The default certificate generates only has common name information which points back to its public key, therefore its claim is self-evident.
Only when the certificate gains extra attributes, is that useful as a time-limited trusted information.
Cryptographic Primitives
All cryptographic primitives (including CSPRNG) are implemented with node-forge.
Other potential libraries include:
kbpgpPKI.js
We have aliased types from inside node-forge in keys/types.ts in case we need to change our cryptographic library.
X.509 OIDs registered for us.
/**
* Polykey OIDs start at 1.3.6.1.4.1.57167.2
*/
const oids = {
// 1.3.6.1.4.1.57167.2.1
attributes: {
cryptoLinks: '1.3.6.1.4.1.57167.2.1.1',
},
// 1.3.6.1.4.1.57167.2.2
extensions: {
polykeyVersion: '1.3.6.1.4.1.57167.2.2.1',
nodeSignature: '1.3.6.1.4.1.57167.2.2.2',
},
};
Key API
ED25519 (ssh-keygen)
Encoding: Base64
Character Length: 68 (Not including prefix)
Example: "AAAAC3NzaC1lZDI1NTE5AAAAIINmZfQTk1NpZcfbkZinFf0w99OF0/CJ88VRajsJ4xrT"
MD5Sum (128 bit)
Encoding: Hex
Scheme: PEM
Character Length: 32
Example: "67d27e8471b4e20fc521dfc973bbb49b"
Encoding: Base64
Character Length: 24
Example: "Z9J+hHG04g/FId/Jc7u0mw=="
SHA256
Encoding: Hex
Character Length: 32
Example: "2717ebe9a13779589c20e09c4e86e3f58a0c84c5328b13f4f0502fdbb0209547"

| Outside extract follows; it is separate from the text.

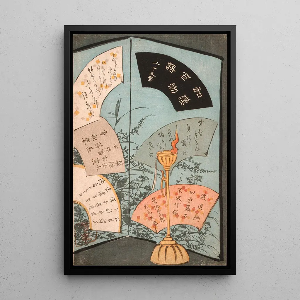 De kunstdruk van de Pagina van de titel van Tsukioka Yoshitoshi roept een wereld op waar schoonheid en melancholie samenkomen. De levendige kleuren en de minutieuze details van dit werk vangen de essentie van Japanse ukiyo-e prenten, waarin elke lijn een verhaal vertelt. De techniek van ukiyo-e, die "beelden van de drijvende wereld" betekent, wordt hier benadrukt, waardoor een sfeer ontstaat die zowel sereen als boeiend is. De delicate motieven en elegante personages dompelen de kijker onder in een poëtische wereld, uitnodigend tot contemplatie en ontsnapping.

md5sum - hex encoding and 32 characters
sha256sum - hex encoding and 64 characters
sha512sum - hex encoding and 128 characters
# base64 encoding is much shorter
openssl dgst -md5 binary | openssl enc -base64 # 24 characters
openssl dgst -sha256 -binary | openssl enc -base64 # 44 characters
openssl dgst -sha512 -binary | openssl enc -base64 # 88 characters
The Ed25519 signature scheme has a max length of 256 bits, which is a max length of 32 bytes.
So if we use sha256 fingerprint, we will always the same number of bytes which is 32.
Then with a base64 encoding, you always end up with 44 characters.
A proposed Node ID is there a string of 44 characters no matter what. Even if we are using RSA 4096 or Ed25519 or whatever.